#### Description of the task
Repeat each record exactly, skipping the pictures.

[Dataset entries]
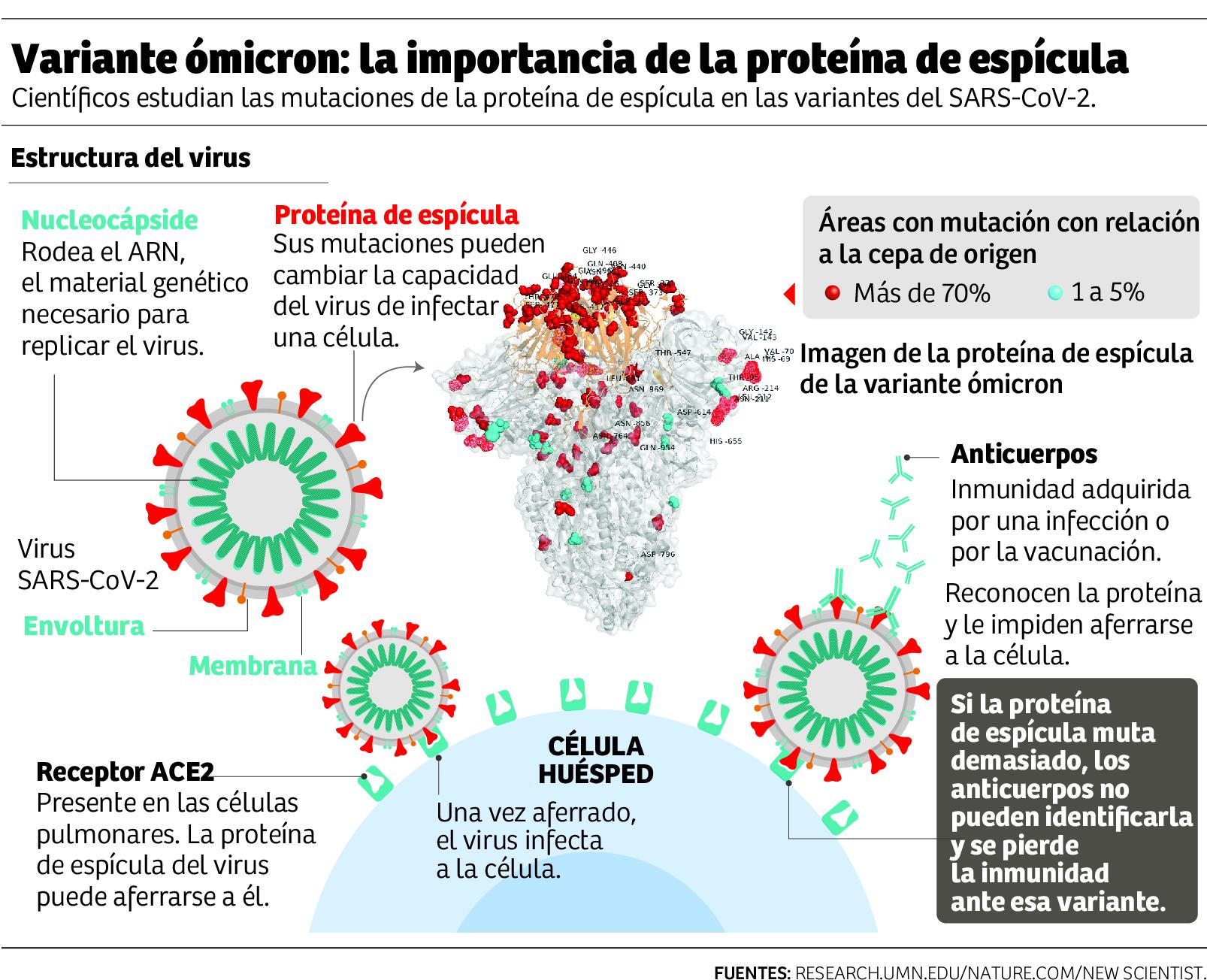 El hecho de tener tantas mutaciones provoca el temor de que la espiga o espícula de la variante ómicron pueda evadir en cierto modo los anticuerpos producidos por un contagio previo o por la vacunación.
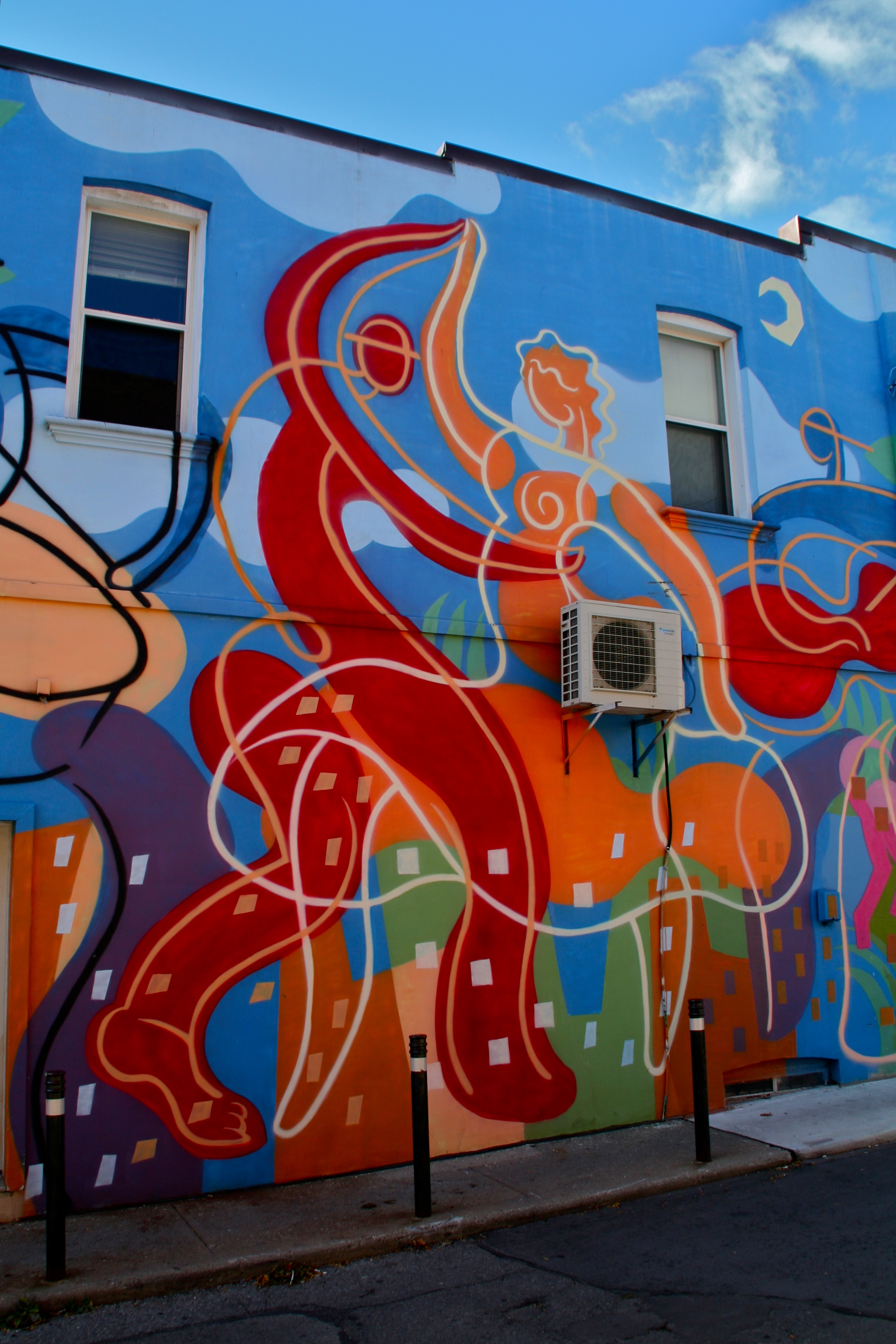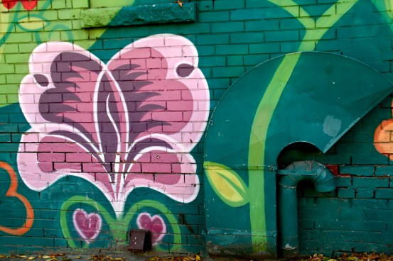 I mean, quite literally, the city is a gallery.  Art is everywhere in the public space, making for intriguing and lovely spaces.  The other day I spent a few hours biking around my end of the city and it took a few hours to cover just blocks of the west end because I couldn’t stop snapping one shot after another of all the street art.  Too much city; too little time.
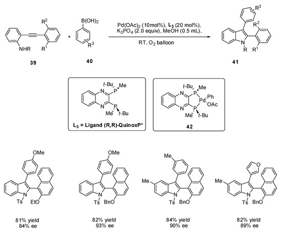 In 2020, He and colleagues synthesized highly enantioselective 2,3-disubstituted indoles (ee) (41) via a Pd-catalyzed Cacchi reaction between N-aryl(alkyl)sulfonyl-2-alkynylanilides (39) and aryl boronic acid (40). The optimized reaction conditions for the reaction involved Pd(OAc)2 in a catalytic amount, ligand (R,R)-QuinoxP*(L3), and the base K3PO4 in the presence of solvent MeOH under an O2 atmosphere (Scheme 15). The experimental studies suggested that the trans-metallation occurred before the amino-palladation in the aryl annulation process. The ligand (L3) and PdPh(OAc) complex (42) was the vital intermediate in the synthesis. The reaction was remarkably influenced by the size as well as the nature of –OR substituent on the naphthyl moiety, and the presence of -OBn afforded the best results. Aryl boronic acid having electron-donating or electron-withdrawing substituents underwent the reaction smoothly, affording a good to high yield. This reaction also tolerated the presence of many groups as well as heterocyclic substituents such as furan, indole, and quinoline on o-alkynylanilines. Ligand (R,R)-QuinoxP* (L3) and methanol provided the best results [159].
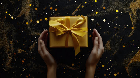 A black and gold holiday theme featuring a hand holding a gift box wrapped in yellow satin ribbon, with sequins scattered on a black backdrop.
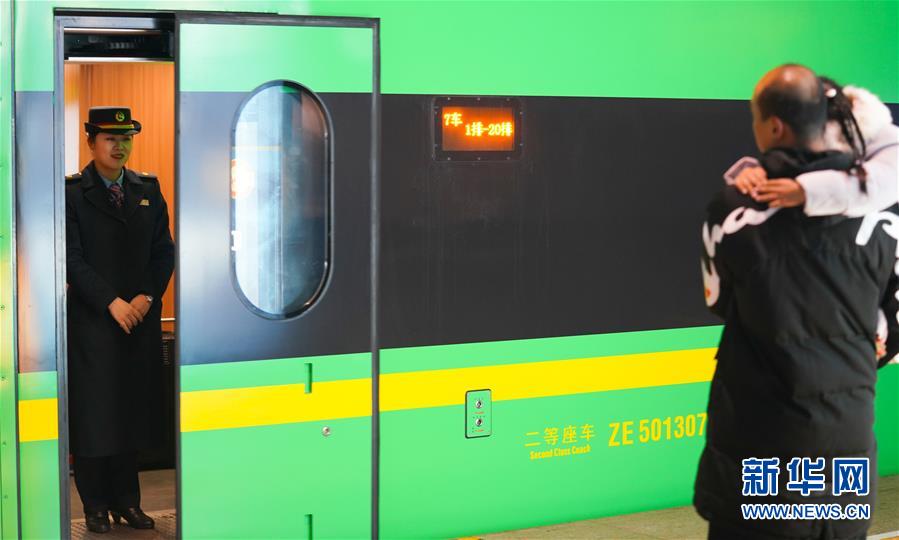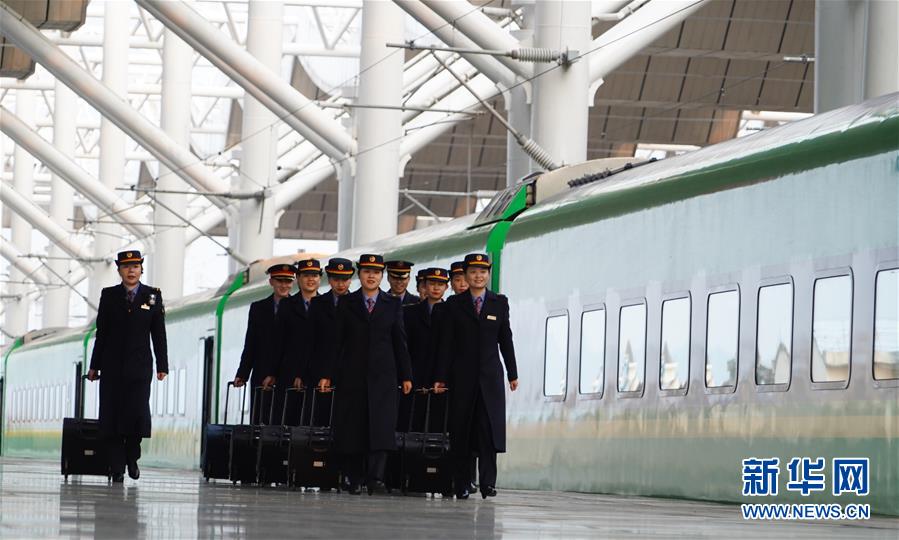 1月3日,卞菁和同事们从井冈山站出发,准备前往北京。新华社记者 张浩波 摄
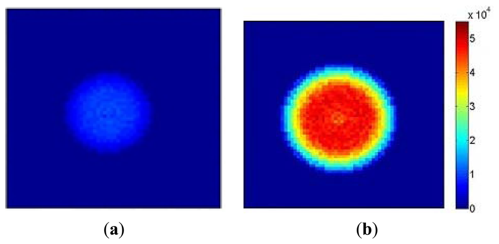 Figure 10a shows a flow image obtained with an aperture diameter of 2 mm and 5% modulation depth at 5 kHz using the setup illustrated in Figure 4. As expected the high flow (1.3 × 104 a.u.) at the central bright spot and the low flow (2 × 103 a.u.) in the outer region can be observed. Figure 10b shows an image at an aperture diameter of 3 mm, 8% modulation depth and frequency of 8 kHz. The central bright spot expands and flow values also increase by a factor of approximately 4 (4.8 × 104 a.u.) while the surrounding area maintains a low flow value. The results demonstrate that the sensor can discriminate between a modulated light signal in a relatively high DC background. As anticipated from Equation (1) the flow value increases linearly with modulation frequency and changes as the square of the modulation depth. The transition ring observed in Figure 10b was due to the edge effect of the aperture.
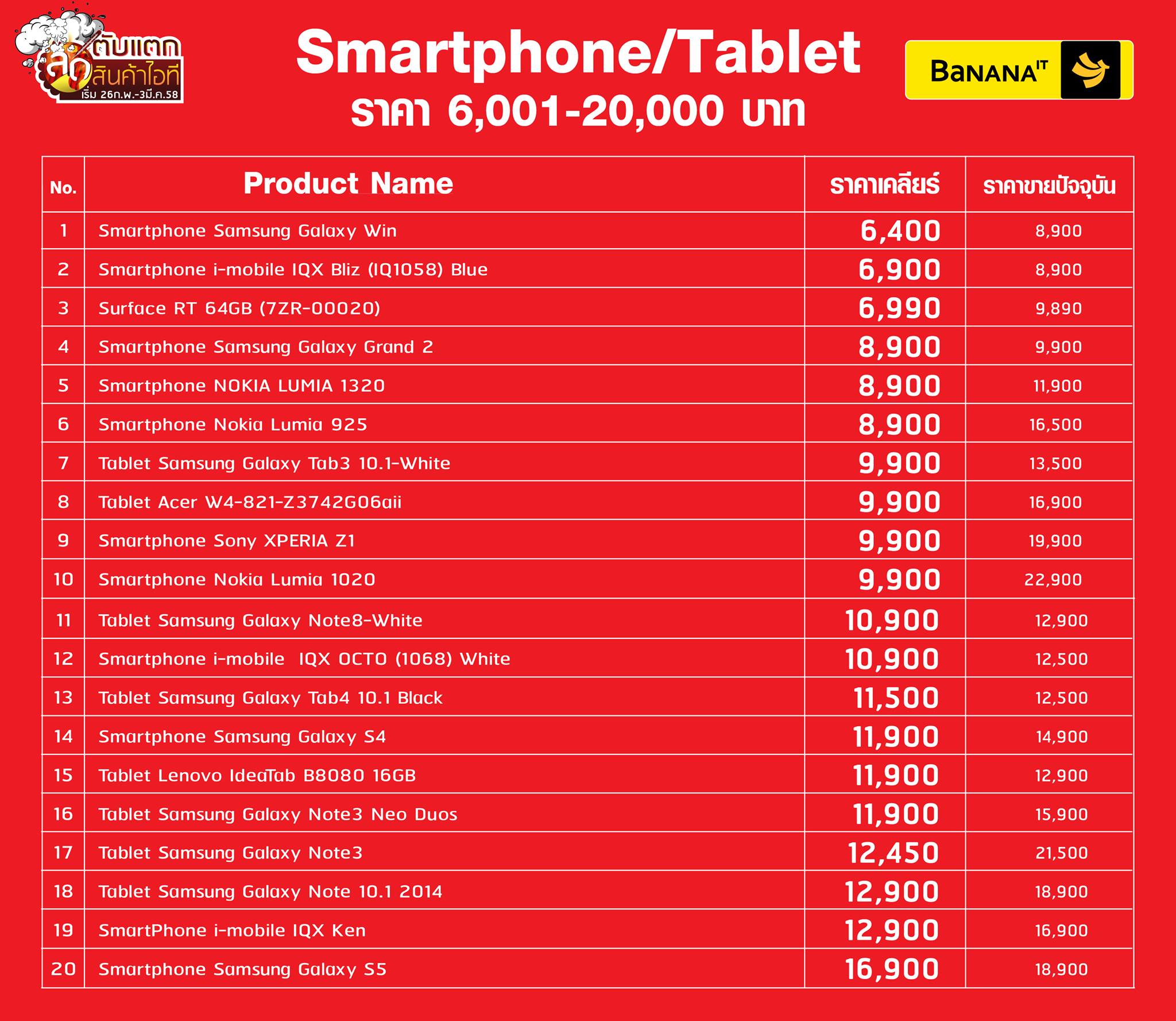 แบ่งเป็นสมาร์ทโฟนและแท็บเล็ตรุ่นราคาไม่เกิน 3,000 บาท ,ราคา 3,001 – 6,000 บาท และ 6,001 – 20,000 บาท ซึ่งจะมีรุ่นไหนโดนใจให้เตรียมไปจับจองกันบ้างดูได้จากตารางราคาด้านล่างได้เลย

#### Reply to the task
 El hecho de tener tantas mutaciones provoca el temor de que la espiga o espícula de la variante ómicron pueda evadir en cierto modo los anticuerpos producidos por un contagio previo o por la vacunación.
 I mean, quite literally, the city is a gallery.  Art is everywhere in the public space, making for intriguing and lovely spaces.  The other day I spent a few hours biking around my end of the city and it took a few hours to cover just blocks of the west end because I couldn’t stop snapping one shot after another of all the street art.  Too much city; too little time.
 In 2020, He and colleagues synthesized highly enantioselective 2,3-disubstituted indoles (ee) (41) via a Pd-catalyzed Cacchi reaction between N-aryl(alkyl)sulfonyl-2-alkynylanilides (39) and aryl boronic acid (40). The optimized reaction conditions for the reaction involved Pd(OAc)2 in a catalytic amount, ligand (R,R)-QuinoxP*(L3), and the base K3PO4 in the presence of solvent MeOH under an O2 atmosphere (Scheme 15). The experimental studies suggested that the trans-metallation occurred before the amino-palladation in the aryl annulation process. The ligand (L3) and PdPh(OAc) complex (42) was the vital intermediate in the synthesis. The reaction was remarkably influenced by the size as well as the nature of –OR substituent on the naphthyl moiety, and the presence of -OBn afforded the best results. Aryl boronic acid having electron-donating or electron-withdrawing substituents underwent the reaction smoothly, affording a good to high yield. This reaction also tolerated the presence of many groups as well as heterocyclic substituents such as furan, indole, and quinoline on o-alkynylanilines. Ligand (R,R)-QuinoxP* (L3) and methanol provided the best results [159].
 A black and gold holiday theme featuring a hand holding a gift box wrapped in yellow satin ribbon, with sequins scattered on a black backdrop.
 1月3日,卞菁和同事们从井冈山站出发,准备前往北京。新华社记者 张浩波 摄
 Figure 10a shows a flow image obtained with an aperture diameter of 2 mm and 5% modulation depth at 5 kHz using the setup illustrated in Figure 4. As expected the high flow (1.3 × 104 a.u.) at the central bright spot and the low flow (2 × 103 a.u.) in the outer region can be observed. Figure 10b shows an image at an aperture diameter of 3 mm, 8% modulation depth and frequency of 8 kHz. The central bright spot expands and flow values also increase by a factor of approximately 4 (4.8 × 104 a.u.) while the surrounding area maintains a low flow value. The results demonstrate that the sensor can discriminate between a modulated light signal in a relatively high DC background. As anticipated from Equation (1) the flow value increases linearly with modulation frequency and changes as the square of the modulation depth. The transition ring observed in Figure 10b was due to the edge effect of the aperture.
 แบ่งเป็นสมาร์ทโฟนและแท็บเล็ตรุ่นราคาไม่เกิน 3,000 บาท ,ราคา 3,001 – 6,000 บาท และ 6,001 – 20,000 บาท ซึ่งจะมีรุ่นไหนโดนใจให้เตรียมไปจับจองกันบ้างดูได้จากตารางราคาด้านล่างได้เลย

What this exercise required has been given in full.